### Description of the task
Go through the records below from the first line and print each one exactly, stopping after the line that contains "Шкаф разборный металлический". Do not print pictures or anything past that line.

### Data
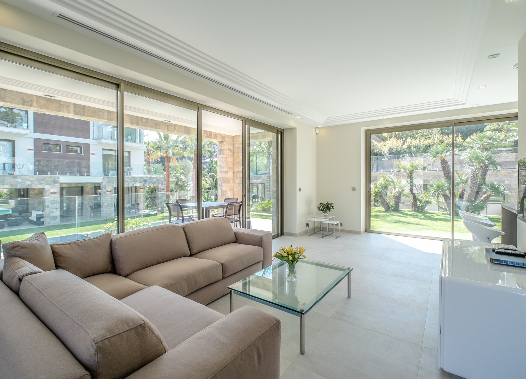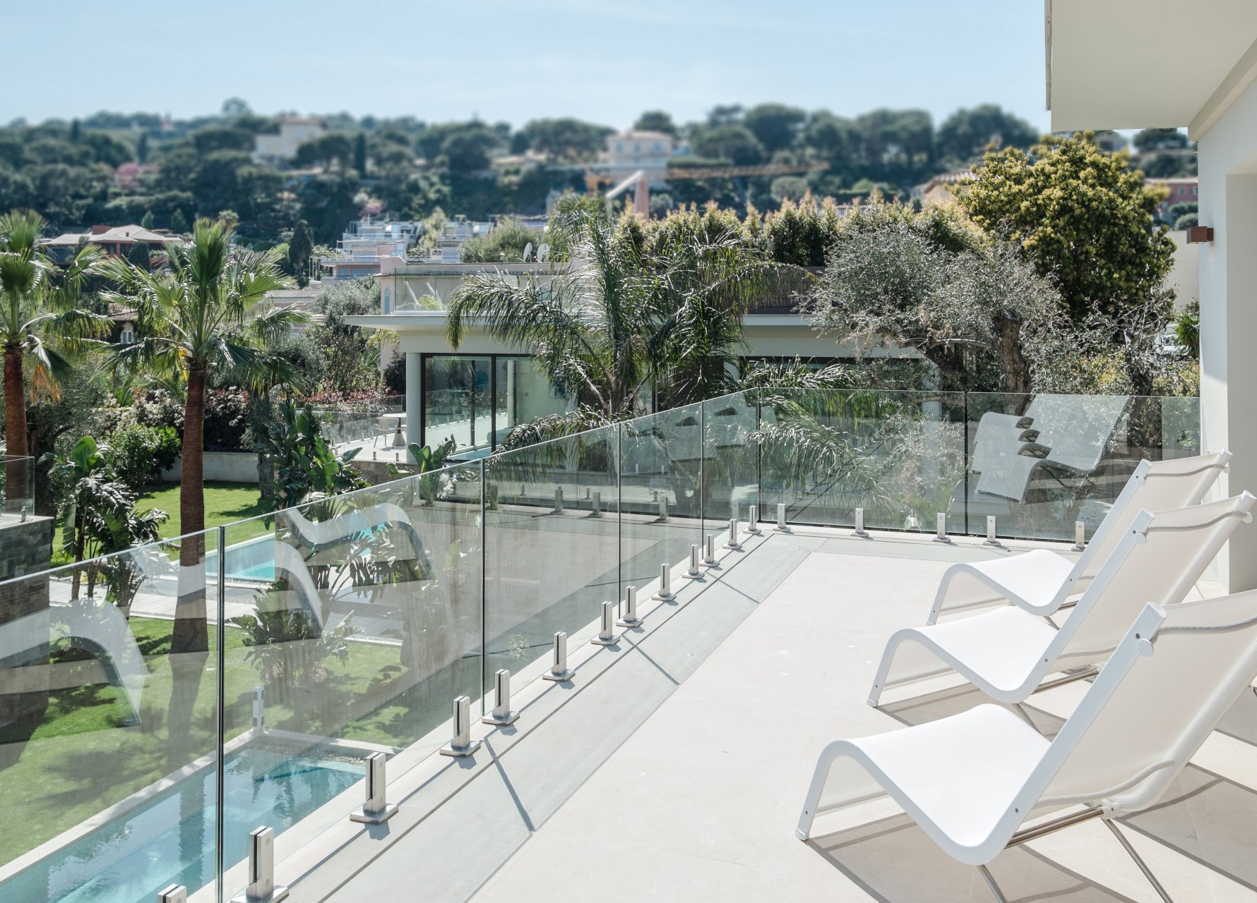 La Villa Bianca, la deuxième villa principale, dispose de quatre chambres spacieuses avec terrasses ou balcons extérieurs, d'une salle pour le personnel et d'un spacieux salon et salle à manger. Le sous-sol de la villa peut être encore agrandi pour inclure, par exemple, un espace spa. La villa offre également un toit-terrasse complet qui bénéficie du soleil toute la journée grâce à son orientation sud. La villa est entourée de jardins luxuriants et dispose d'une grande piscine à l'avant.
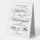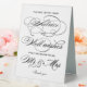 This table tent sign is the perfect size for our tables and easy to read. I also like the material it is made with and no worries about it falling or sliding. Just perfect! Everything about this card is perfect. I like that it says what we want on the front and on the back we were able to personalize a message for our guests.
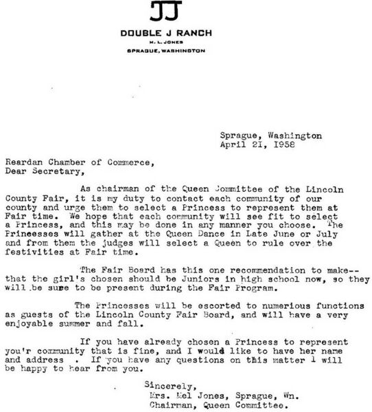 This page is from a scrapbook held by the Reardan Memorial Library about the Reardan Royalty. 1957 royalty 006
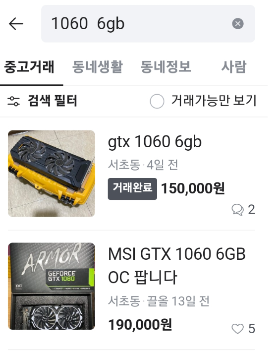 반대로 당근마켓에서 물건을 구매하려면 검색창에 제품명을 정확히 검색해 보면 된다.
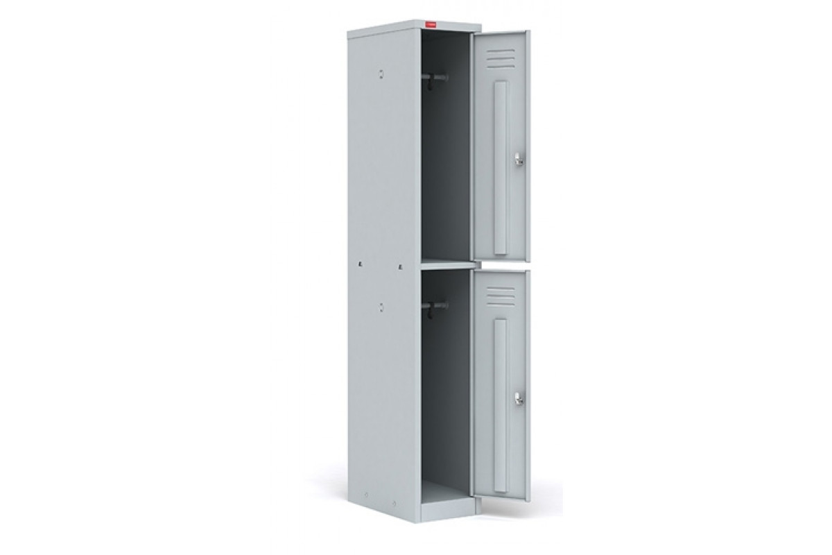 Шкаф разборный металлический односекционный с двумя отделениями предназначен для хранения сменной одежды. Каждое отделение снабжено дверью с индивидуальным врезным замком. В каждом отделении: перекладина для вешалки и крючки для одежды. Полимерное поро
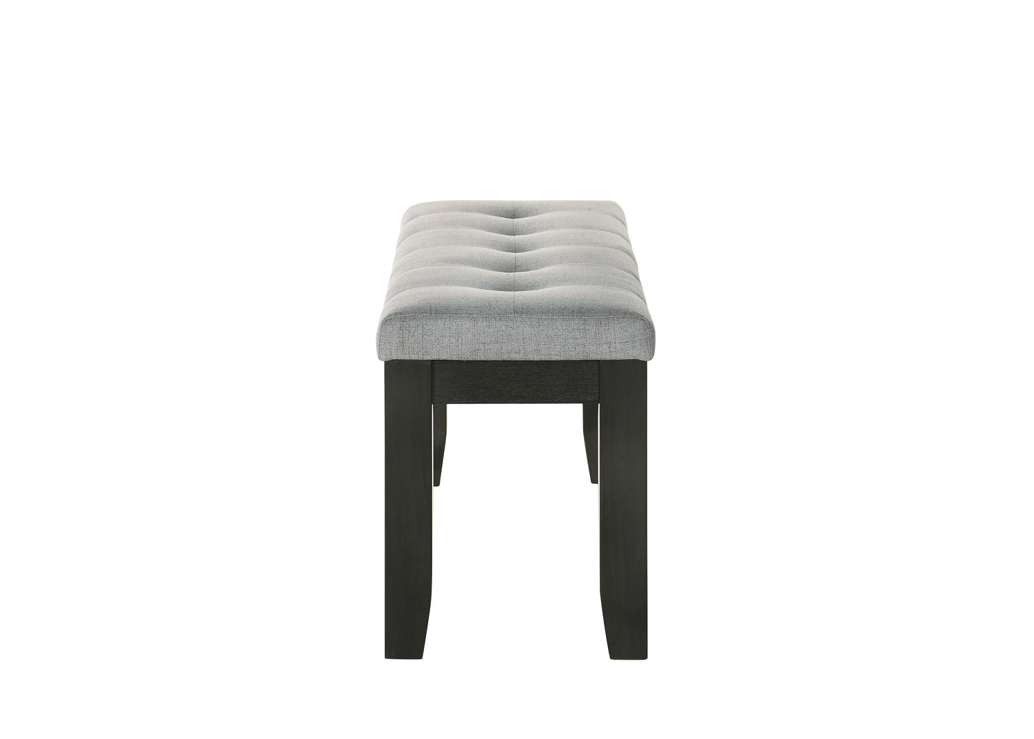 This dining group effortlessly combines farmhouse warmth with modern sophistication, creating a captivating focal point for any dining space. The table features a rich, two-tone design with a beautifully finished wood top and contrasting dark legs, delivering a striking visual appeal that suits various decor styles. The ladder-back chairs and tufted bench offer both style and comfort, with plush upholstery in a versatile neutral tone that invites guests to linger. With its blend of rustic charm and contemporary flair, this set is perfect for both intimate family meals and lively gatherings, making your dining area a stylish and welcoming retreat.
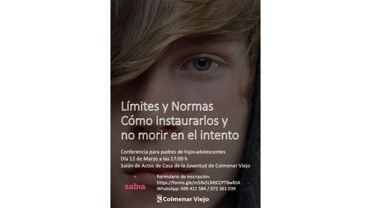 El Ayuntamiento de Colmenar Viejo abre la inscripción para asistir a la conferencia bajo el nombre de `Límites y normas. Cómo instaurarlas y no morir en el intento´. La charla está organizada por La Concejalía de Seguridad Ciudadana y las Concejalías de Educación y de Juventud e Infancia, va dirigida a padres tutores y educadores de adolescentes.
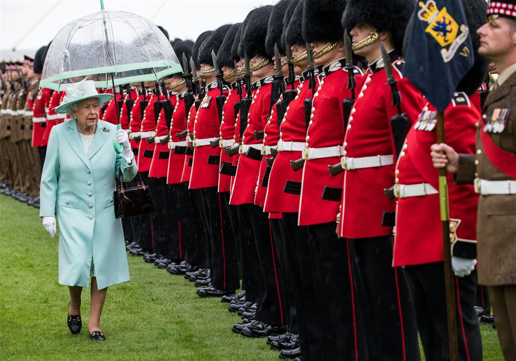 Vanwege de regenbuien inspecteerde Elizabeth, erekolonel van de militairen, de troepen vanonder een paraplu. Die paste wel perfect bij haar lange mintgroene jas. Ruim 2200 gasten woonden de ceremonie bij. Het komt niet vaak voor dat Elizabeth nieuwe regimentsvlaggen uitdeelt. De laatste keer dat ze de Scots Guards nieuwe ‘colours’ gaf was in 2002, het jaar waarin ze haar gouden regeringsjubileum vierde.
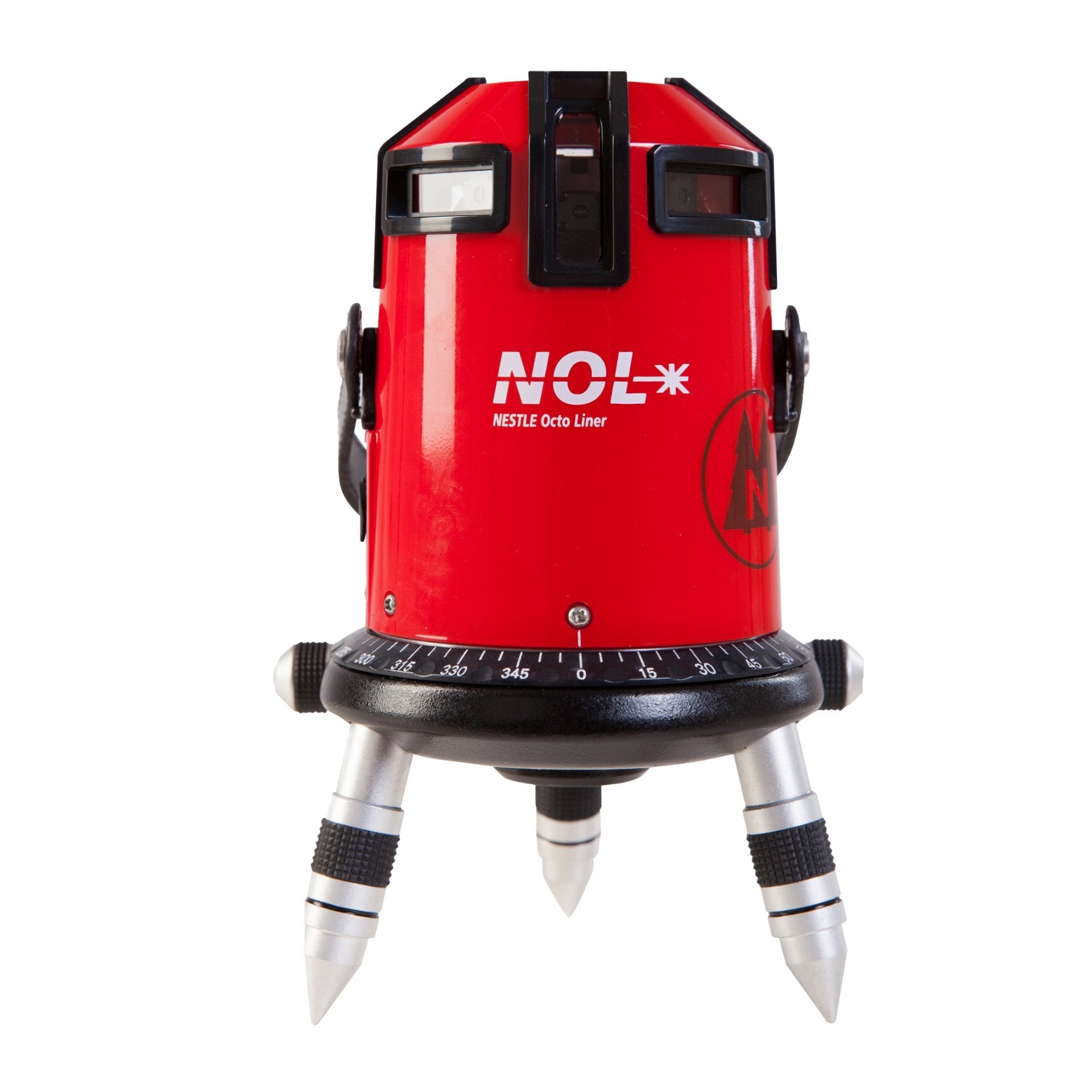 Der NESTLE Octoliner ist ein elektronischer, selbstnivellierender Kreuzlinienlaser mit überragender Genauigkeit. Er kann vier vertikale Linien im rechten Winkel zueinander projizieren sowie eine 360°-Horizontallinie, einen Lotpunkt am Boden und ein Laserkreuz an der Decke bei einer Genauigkeit von ±1,5 mm/10 m. Er nivelliert sich selbst schnell und stabil in einem Bereich von 4° aus. Die Selbstnivellierung kann ausgeschaltet werden, um bei Bedarf Laserstrahlen schräg zu projizieren. Vorteilhaft ist außerdem sein verstellbarer 360° Teilkreis für einfache Winkelmessungen. Der Seitenfeintrieb unterstützt das exakte Ausrichtung der Vertikalebenen. Speziell für Außenarbeiten empfehlen wir die Verwendung eines DECTO Empfängers mit Halterung.

### Task answer
 La Villa Bianca, la deuxième villa principale, dispose de quatre chambres spacieuses avec terrasses ou balcons extérieurs, d'une salle pour le personnel et d'un spacieux salon et salle à manger. Le sous-sol de la villa peut être encore agrandi pour inclure, par exemple, un espace spa. La villa offre également un toit-terrasse complet qui bénéficie du soleil toute la journée grâce à son orientation sud. La villa est entourée de jardins luxuriants et dispose d'une grande piscine à l'avant.
 This table tent sign is the perfect size for our tables and easy to read. I also like the material it is made with and no worries about it falling or sliding. Just perfect! Everything about this card is perfect. I like that it says what we want on the front and on the back we were able to personalize a message for our guests.
 This page is from a scrapbook held by the Reardan Memorial Library about the Reardan Royalty. 1957 royalty 006
 반대로 당근마켓에서 물건을 구매하려면 검색창에 제품명을 정확히 검색해 보면 된다.
 Шкаф разборный металлический односекционный с двумя отделениями предназначен для хранения сменной одежды. Каждое отделение снабжено дверью с индивидуальным врезным замком. В каждом отделении: перекладина для вешалки и крючки для одежды. Полимерное поро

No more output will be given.